I cannot wait to pass this recipe on to them!!!


----------



## FryBoy (Aug 31, 2006)

jkath said:
			
		

> oh my, how did I miss this thread???
> 
> Fryboy!!! I owe you big time! That looks exactly like the green beans that are served at my parent's favorite chinese restaurant in Santa Barbara.
> I cannot wait to pass this recipe on to them!!!


 
If I recall correctly, the recipe I posted is from Yang Chow, which is generally acknowledged to be one of the best Schezwan restaurants in L.A. 

I hope they enjoy it!


----------



## ella/TO (Aug 31, 2006)

I have a recipe that I've been doing for years....there's never enough made.....it really goes here in our home.....but, I really don't have exact measurements....being that most people here have at least some experience in the kitchen, I'm sure you'll be able to follow it to your liking.
Whole green beans, ends snapped off, then cut in half.
Blanch them.
Mix the beans with two or three different kinds of crackers, e.g. soda; whole wheat, etc......crumble them up in your hands and throw them in with the beans. Here in Toronto I buy McLarens cold pack sharp cheddar cheese. I take the cheese and break off pieces of it and mix it in with the beans and crackers. If you wish, you can use some cheez whiz in there too.
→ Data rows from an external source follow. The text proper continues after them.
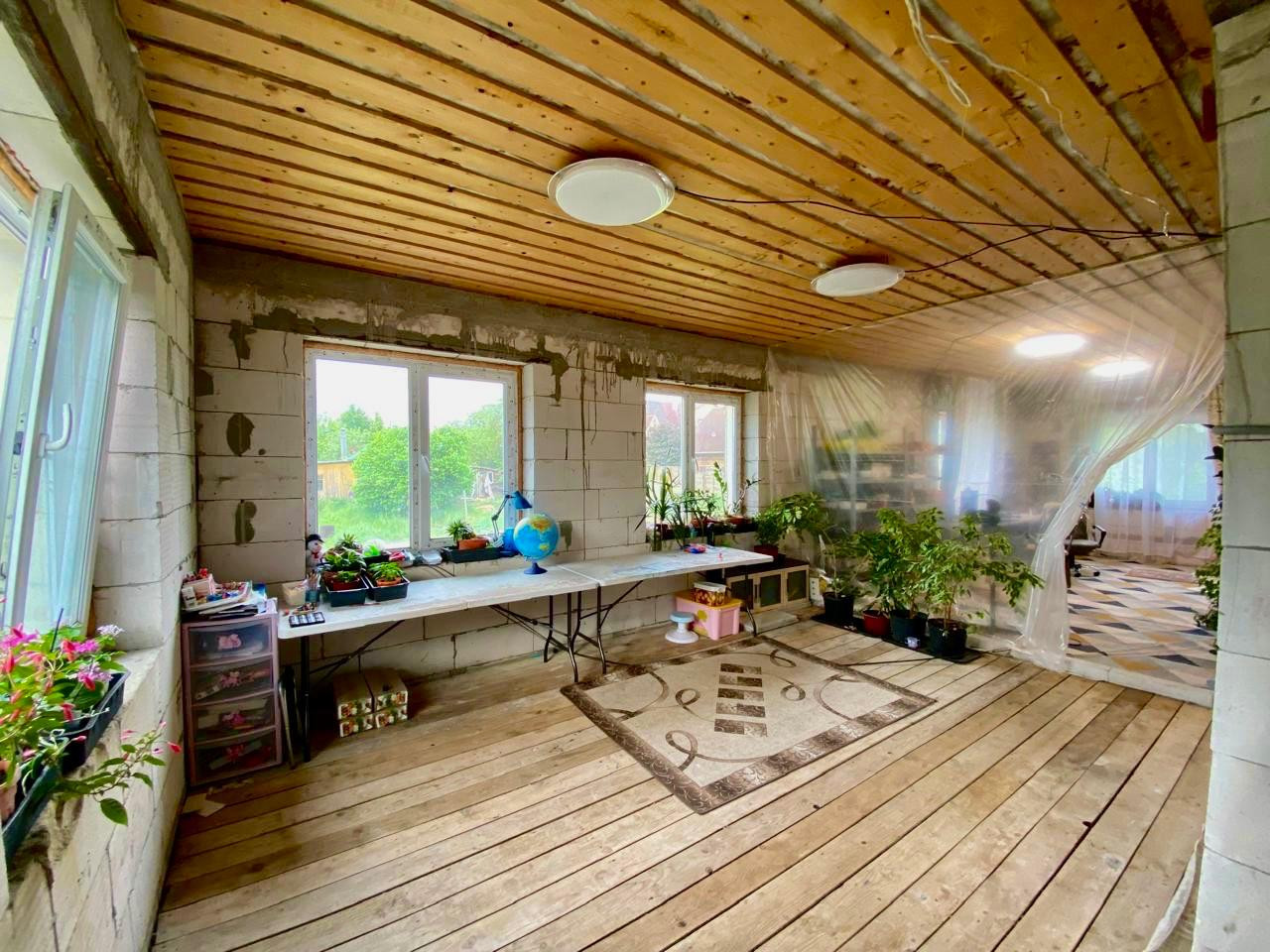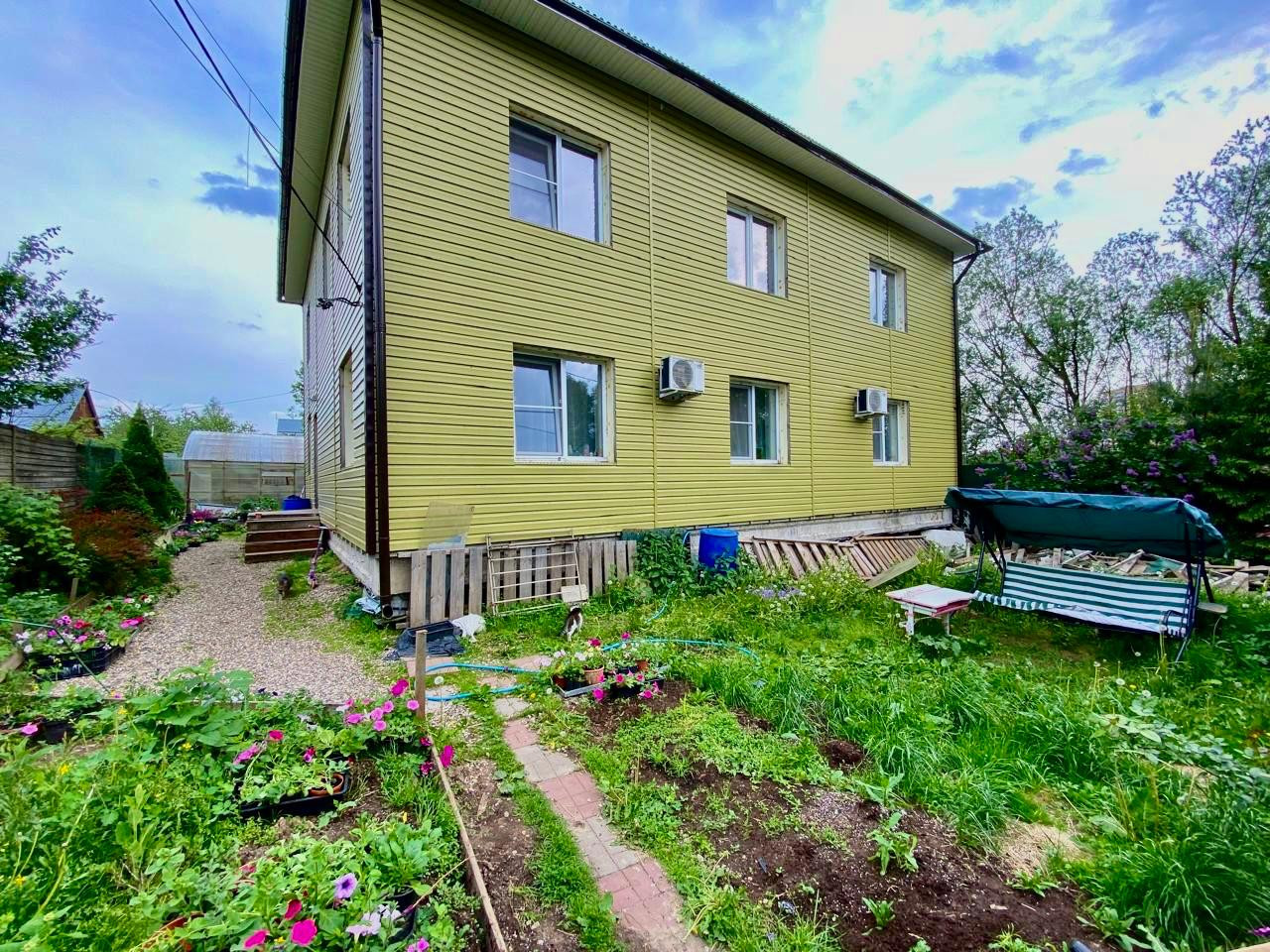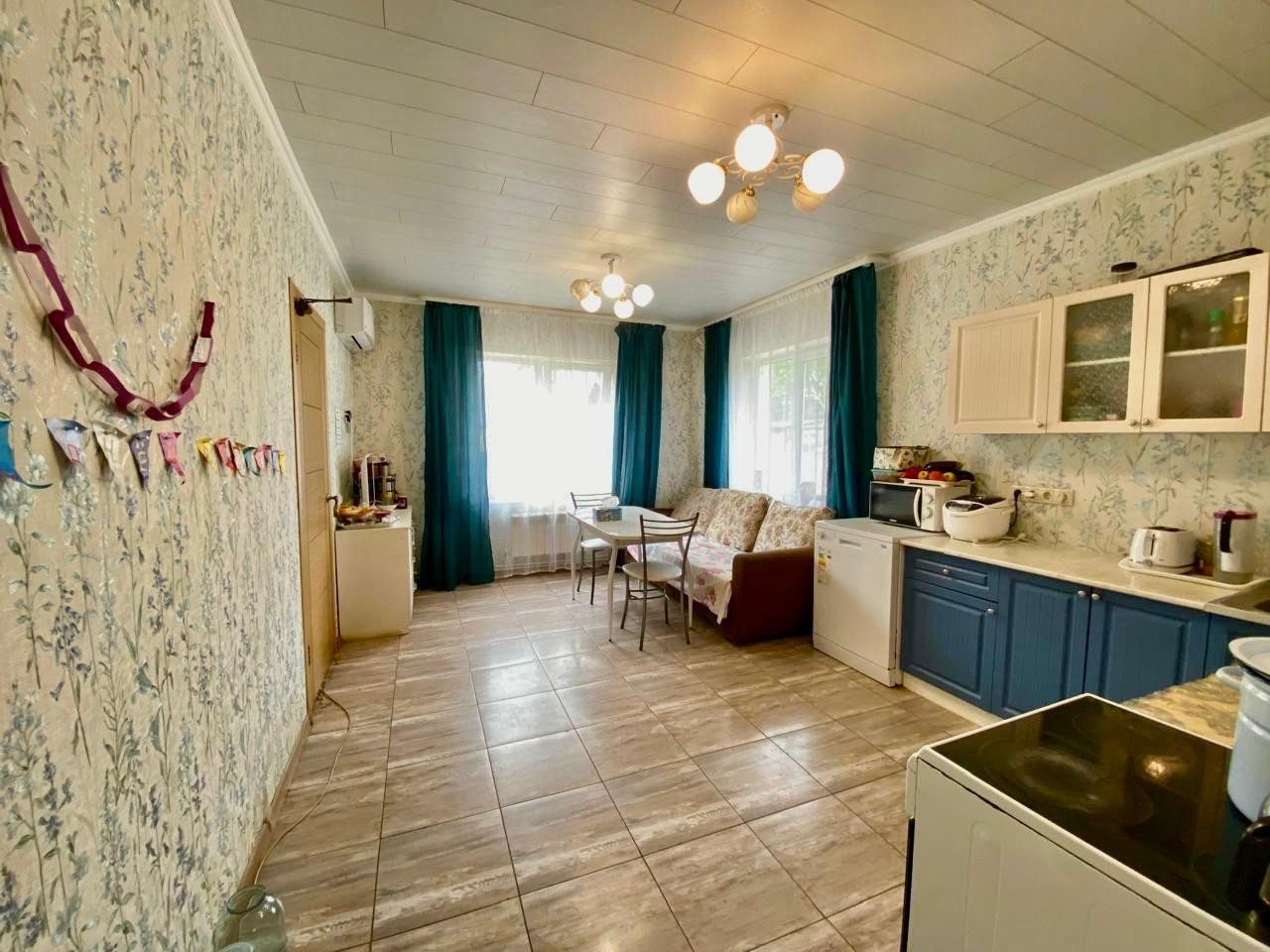 Дом капитальный, стоит на свайно-роствековом фундаменте, стены- из газобетонных блоков с двойной кладкой, кровля- профнастил, оформлен в современном стиле и оборудован всем необходимым для комфортного проживания, построен в 2021 году. У дома два входа, при желании можно разделить на две семьи, внутри уютная кухня-гостиная, просторные спальни, большие холлы, оборудованная кухня и большое подвальное помещение. Дом предполагает круглогодичное проживание, имеется два разных отопительных котла ( твердотопливный- с возможностью переключения на газ) и электрический. Газ- по границе, имеется вся документация на ввод. Отопление разведено по 1 этажу, также полы, где уложена плитка - с подогревом. В доме остается вся мебель, три кондиционера, посудомоечная машина, стиральная машина, кроме телевизоров, компьютера, двух холодильников и двух тумбочек.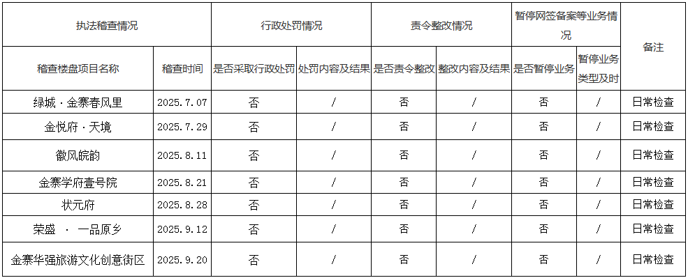 金寨县房地产房地产管理行政处罚一览表(2025年第三季度)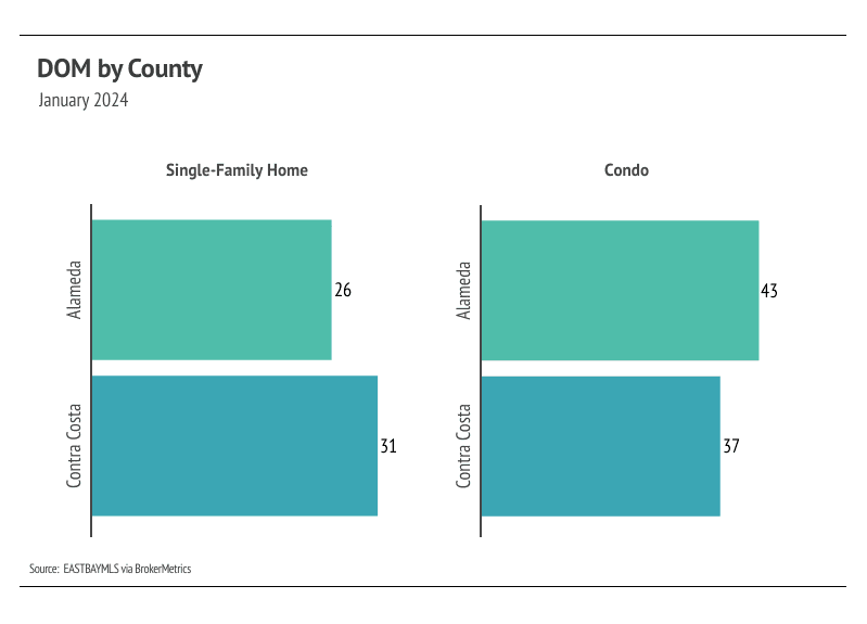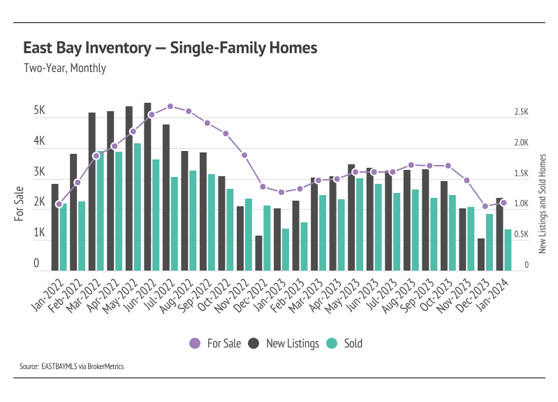 Months of Supply Inventory (MSI) quantifies the supply/demand relationship by measuring how many months it would take for all current homes listed on the market to sell at the current rate of sales. The long-term average MSI is around three months in California, which indicates a balanced market. An MSI lower than three indicates that there are more buyers than sellers on the market (meaning it’s a sellers’ market), while a higher MSI indicates there are more sellers than buyers (meaning it’s a buyers’ market). The East Bay market tends to favor sellers, which is reflected in its low MSI. MSI fell sharply in the first quarter of 2023 before gently trending higher from May to November. In December, MSI declined sharply, but rose again in January. Currently, the East Bay market favors sellers for single-family homes and is more balanced for condos.
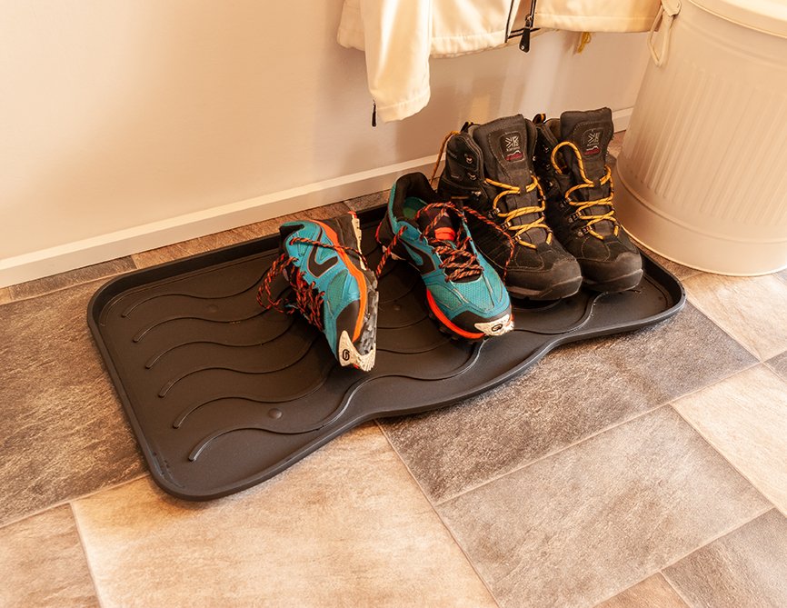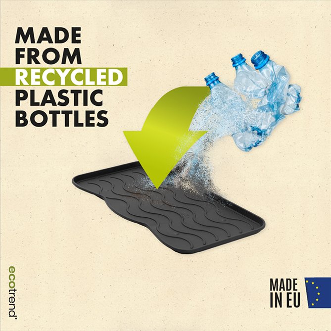 Podloga za odlaganje obuće kompanije MULTY HOME - model SIGNET dizajnirana je da zadrži prljavštinu, vodu, sneg i bljuzgavicu u tacni umesto na podu. Lagano se čisti - jednostavno se ili samo obriše spužvom ili se sapere mlazom vode. Ove (tacne) podloge za obuću su u stvari univerzalne jer se pored urednog odlaganja obuće mogu koristi i kao podmetači za posude za hranu kućnih ljubimaca, saksija za cveće, itd. Dimenzije su joj 75x38x2.1 cm (za 3 para cipela). Materijal - reciklirana plastika. ECO-FRIENDLY proizvod.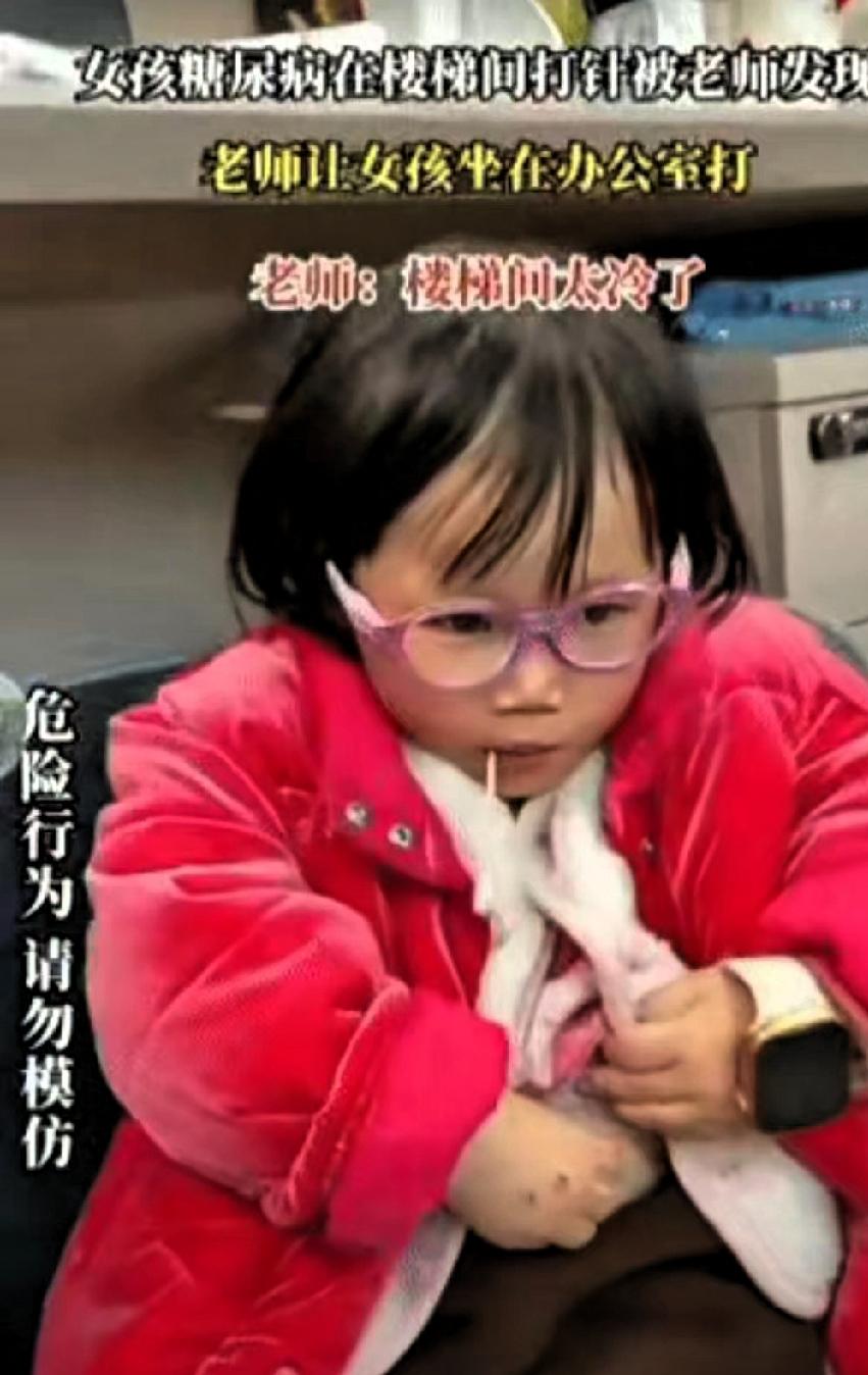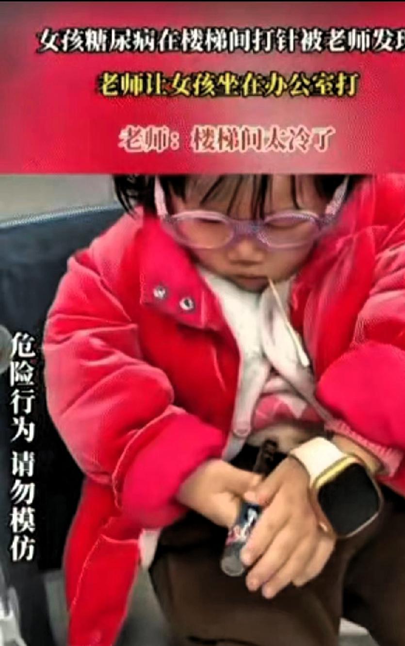 她好可怜! 小女孩在课间偷偷的去楼梯间打针,被老师撞到,原来小女孩有糖尿病,她怕在教室里打针吓到同学。 课间休息时,别的孩子都在开心玩耍,一个十岁左右的小姑娘,悄悄躲到教学楼的楼梯间里给自己打针,被老师撞见后,才知道孩子患有糖尿病,只是担心在教室里打针会吓到同学,才选择独自躲在角落,默默完成这件事。 她的这份细心和体谅,很难想象是出自一个孩子身上。本该无忧无虑的年纪,却要学着自己面对病痛,每天按时打针,时刻注意饮食,克制着同龄孩子都爱的甜食和零食,小小的身影里,藏着超出年纪的沉稳和隐忍。 幸运的是,孩子遇到了一位暖心的好老师。老师看到后没有过多询问,只觉得楼梯间冷,孩子一个人在这里太让人不放心,当即让孩子到办公室里打针,这份简单的心疼和关照,没有刻意的表达,却满是真诚的温柔,也给了孩子一份踏实的温暖。 儿童糖尿病分1型和2型,一种需要终身依靠胰岛素控制血糖,一种可以通过饮食和作息调理来稳定,不管是哪一种,对孩子来说都是不小的考验。要学着适应身体的变化,要长期坚持控糖,这份坚持,对成年人都不容易,何况是个孩子。 生病从不是孩子的错,而她没有抱怨,还处处顾及他人感受,这份善良和懂事,格外珍贵。老师的这份体谅,也让我们看到,一份简单的善意,就能给身处困境的孩子带去莫大的慰藉。校园里的温暖,往往就藏在这些细微的瞬间里。 人生总有猝不及防的考验,可善良与温柔,总能化解很多艰难。愿这个坚强的小姑娘,能被时光善待,血糖平稳,少些病痛的困扰,也愿每个孩子都能被身边人温柔守护,健康长大。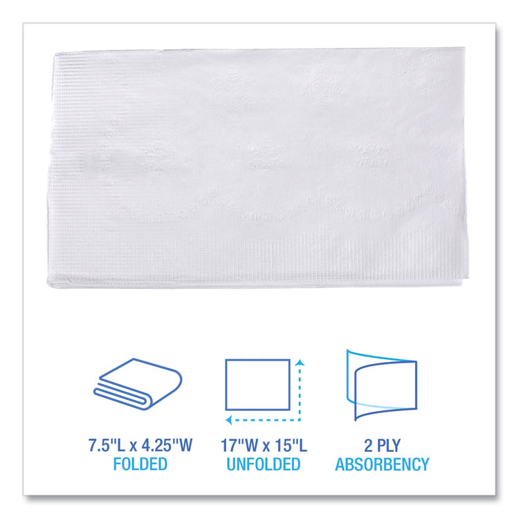 Boardwalk 1/8-Fold Dinner Napkins, 2-Ply, 15 x 17, White, 300/Pack, 10 Packs/Carton (BWK8321W)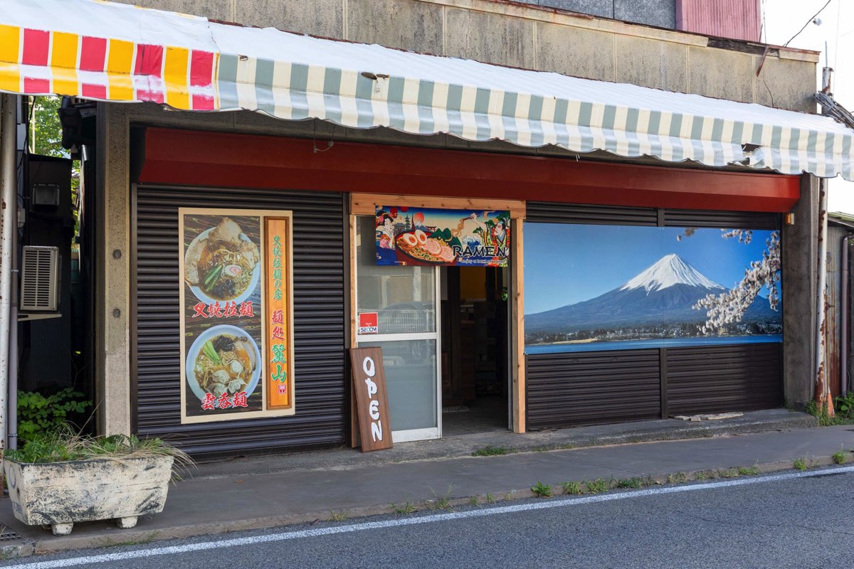 富士吉田市の吉田本町郵便局隣にある「麺処 麗山」は、ワンタン麵とチャーシュー麵が自慢のラーメン屋さん。富士山と桜の看板が目印。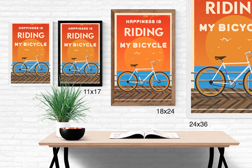 The joy of riding. This poster says it simply. Choose from two scenes: the sunset at your favorite bike riding boardwalk or the river-side trail with the mountain view.

Put into buttered casserole and bake in 325F oven until crunchy on top....ENJOY


----------



## NZDoug (Sep 1, 2006)

KeyLimePaige said:
			
		

> What's a scotch steak by the way.


Hi paige,
its an expensive cut of beef, about 50% more than rump, triple the price of mince.
I googled it and here is the answer
http://www.food24.com/Food24/Components/AskLannice/AnswerDetails/0,11005,450,00.html
Thank you for the great recipe.


----------